These words of Napoleon, pronounced with a strong and emphatic voice, produced the most lively sensation. A cry of "Long live the Emperor!" resounded in an instant throughout the immense space of the Champ de Mars, and was repeated from one to another in the places around.

The Emperor, after having sworn on the Gospels, to observe, and cause to be observed, the constitutions of the empire, made the archchancellor proclaim the oath of fealty of the French people, represented by the electors. This oath was spontaneously repeated by thousands and thousands of voices.

The ministers of war and of the navy, in the name of the armies by land and sea, and at the head of their deputations; the minister of the interior, in the name of the national guards of France, and at the head of the electors; the staff of the imperial guard, and that of the national guard; afterwards advanced to take the oath, and receive from the hands of the Emperor the eagles intended for them.

This ceremony ended, the troops, making about fifty thousand men, filed off before Napoleon and the festival concluded, as it had commenced, amid the acclamations of the people, the soldiers, and the majority of the electors: but to the discontent of a certain number of them, who complained, and with reason, that the Emperor had substituted a steril distribution of colours, instead of the grand national congress, which he had convened.

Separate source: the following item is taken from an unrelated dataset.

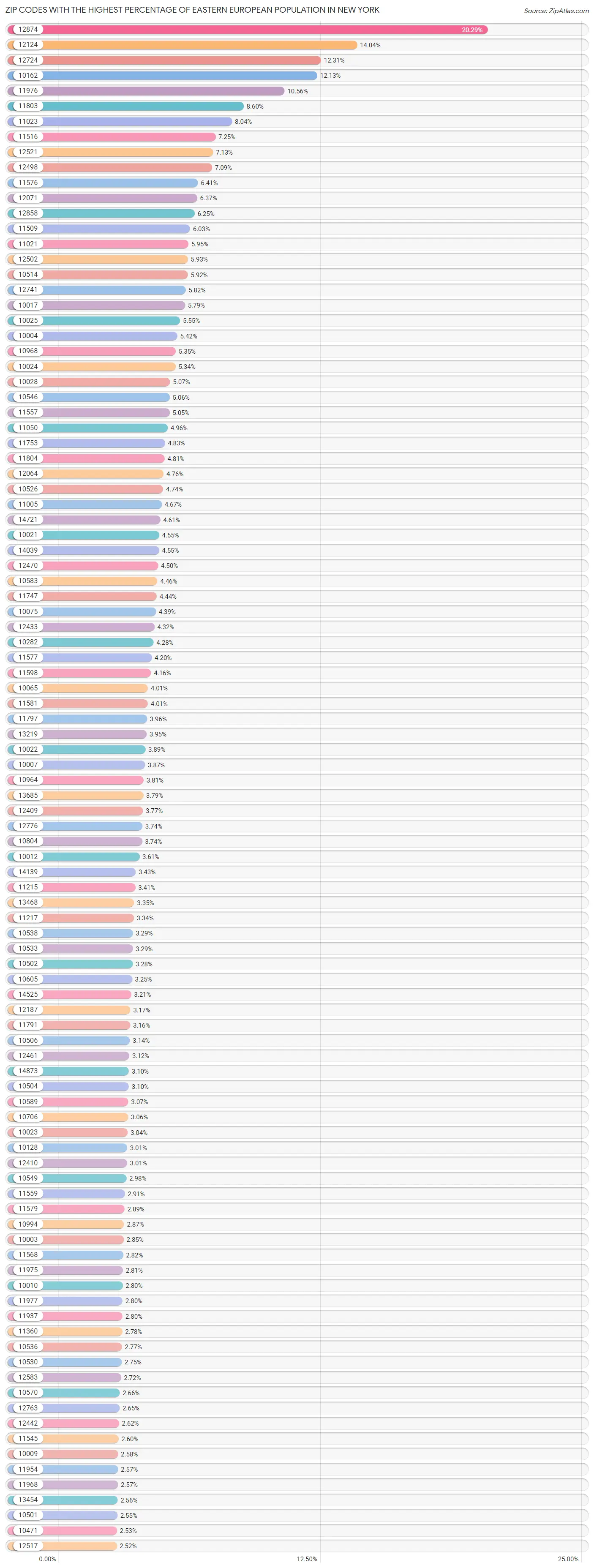 12874 has the Highest Percentage of Eastern European Population in New York with 18.06%.

The parties too, that already began to pullulate, were not better satisfied with the issue of the _Champ de Mai_.

The old revolutionists would have wished Napoleon, to have abolished the empire, and re-established a republic.

The partisans of the regency reproached him for not having proclaimed Napoleon II.

And the liberals maintained, that he ought to have laid down the crown, and left to the sovereign nation the right of restoring it to him, or offering it to the most worthy.

Were these different pretensions well founded? No.

The re-establishment of the republic would have ruined France.

The abdication in favour of Napoleon II. would not have saved it. The allies had explained their intentions at Bâle: they would not have laid down their arms, till the Emperor had consented, to deliver himself up. "A circumstance, that, being to a prince the greatest of misfortunes, can never form a condition of peace[22]?"

[Footnote 22: Montesquieu. Greatness and Decline of the Romans.]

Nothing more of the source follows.